I will say - that should have been a historical. The villain would have been so easy to remove from the whole thing and just keeping history on track by Team Tardis having the tragic task of intentionally taking seats up so Rosa had to take her stand would have been as profound and nasty a goal as anything we got here.
Had no issue with the message being very heavy handed - it's clear this era is skewing younger than we've had in yonks and I think talking about these kind of things so overtly to primary age kids is a good thing. There's a place to have subtext but sometimes you need to wave the flag proudly for your side. That's what this ep was doing. There was no "there's wrong on both sides" here. It's what makes Malorie's writing so powerful. She's not pretending to be subtle.

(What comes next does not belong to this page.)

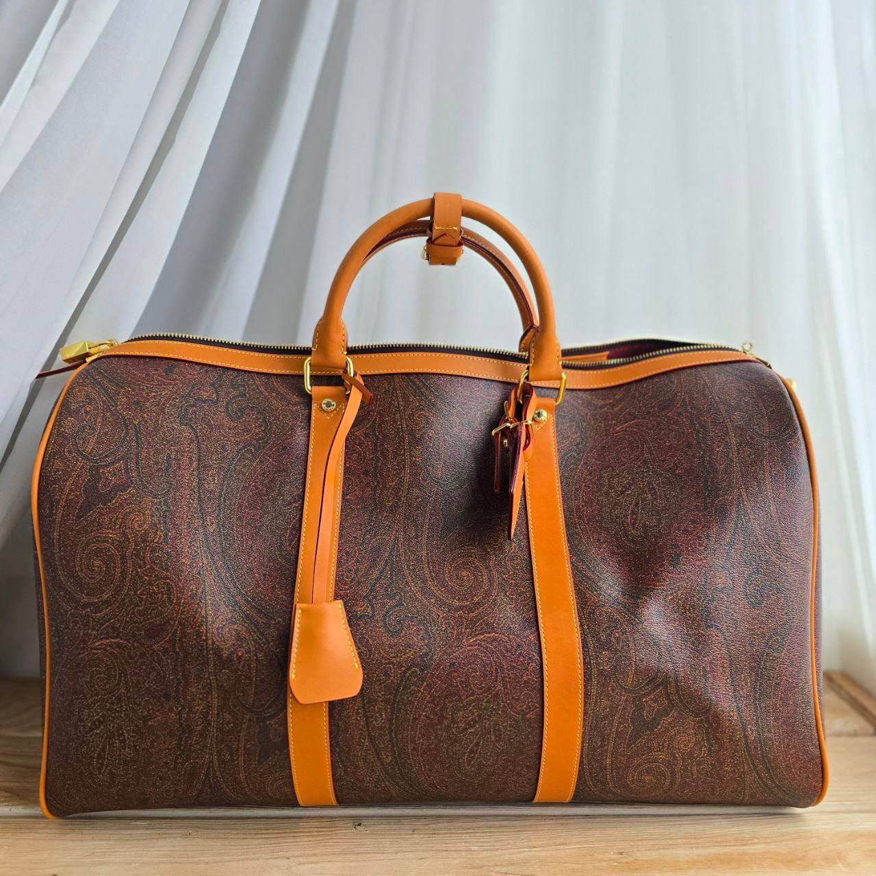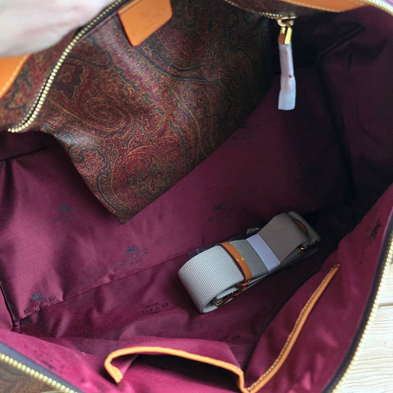 Кожаная дорожная сумка Etro с узором пейсли 50x28 см

Loved the ep also addressing Yaz's heritage. Hearing the p-word was absolutely shocking. Jaw-dropping for TV Who. I was so impressed to have the "Let's not thing the UK is perfect...." scene. It would have been head-in-the-sand stuff to have the ep not address that Ryan and Yaz would still absolutely be victims of racism in this country even today. Yaz, though she gets more to do here, still hasn't had much character work yet. Again Ryan, and Graham got more developed. She really does need more love as Mandip nails what she is given.
I didn't mind the song at the end - was very much like Vincent And The Doctor using that Athlete song to devastating effect. Going from that ending, celebrating Rosa's life, into the Who sting would have been a bit odd, I can see why they didn't.
I'm also really glad the ep also mentioned Rosa having an incredibly tough life after this. She lived in poverty till she died. It would have been so easy to make it seem as though this event ended her story for a "happy" ending, instead of just being the end of her story's most famous chapter.
Another example of Chibnall tossing a continuity bone that doesn't alienate any newbies with the Stormcage and vortex manipulator.
A tiny bit of anecdotal testimony, my mate James who isn't even a casual fan, facebooked me this "Not joking mate, i started greeting watching that episode". If it can make a rather jaded laddish guy like him cry, it's clearly got more than a bit of power to it, this ep!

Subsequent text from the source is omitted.